There's guys on owwm.org who've done all sorts
of stuff like that. You could ask there.

I think the general idea of making an outfeed table
and long fence is the way to go. Whether its 
work the hassle of the build is another matter. 
You could have the stock ripped straight on a 
straight line rip saw if you could find a local shop 
with one, but I understand the inclination to figure 
it out for oneself. I think the slr saws cut straight
enough for glue joints if they're adjusted properly.


----------



## Pizzadave (Mar 5, 2018)

Thanks everyone


----------



## Klondikecraftsman (Apr 4, 2018)

You will have to watch the grain orientation carefully as chip out will be an issue. Several light passes and patience.


----------



## cabmaker (Sep 16, 2010)

Dave,,,,, attempting to straight-line on a shaper will be a futile endeavor ,,,,with or without a feeder

I can't imagine a basement molding project,, as you call it,,,would have enough molding to even attempt such a feat

I t is possible however….what is the table size on shaper,,, 3 or 4 wheel feeder,,,,beginning stock size ? or is it random ?
If it is random widths, that compounds the setup issues


----------



## Pizzadave (Mar 5, 2018)

Well.
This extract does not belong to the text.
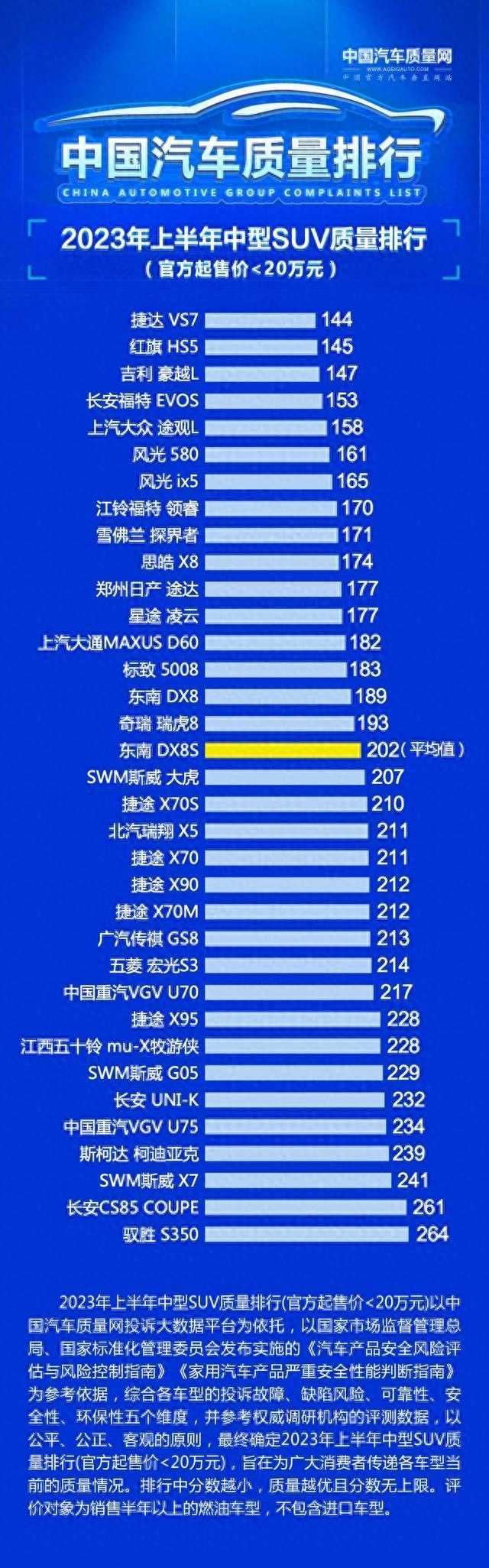 重点重申的是,中国汽车质量排行榜可不是什么“野鸡榜”,它是由中国汽车质量网依托投诉大数据平台,以国家相关部门的颁布的评估标准为参考依据,综合各车型的投诉故障、缺陷风险、可靠性、安全性、环保性五个维度,并参考权威调研机构的评测数据,做出的公平、公正、客观的质量排名。榜单中综合评价分数越小,代表该车型质量越好。所以这份权威榜单,对于咱们普通消费者而言,具备重要的参考意义。(PS:文末会附上详细的质量排行榜单)

I milled logs from my woods and dried them. I made many pine planks with v tounge and groove for a half wall. I have enough board feet to custom make my trim and baseboard. The baseboard boards are not very straight and I wanted to keep them as long as possible for the longer walls. I was thinking I could use a joint cutter to make them straight. I've done many projects on my shaper but never tried to mill long boards to a straight edge. Hoping to get some experience on how other went about this. I don't want to buy baseboard only because it would take away from the uniqueness of the project.


----------



## Pizzadave (Mar 5, 2018)




----------



## John Smith_inFL (Dec 15, 2017)

Dave ~ That's some good looking lumber !!

.

.


----------



## Pizzadave (Mar 5, 2018)

Thanks man! There's something special about cutting up a tree and bringing into your home.


----------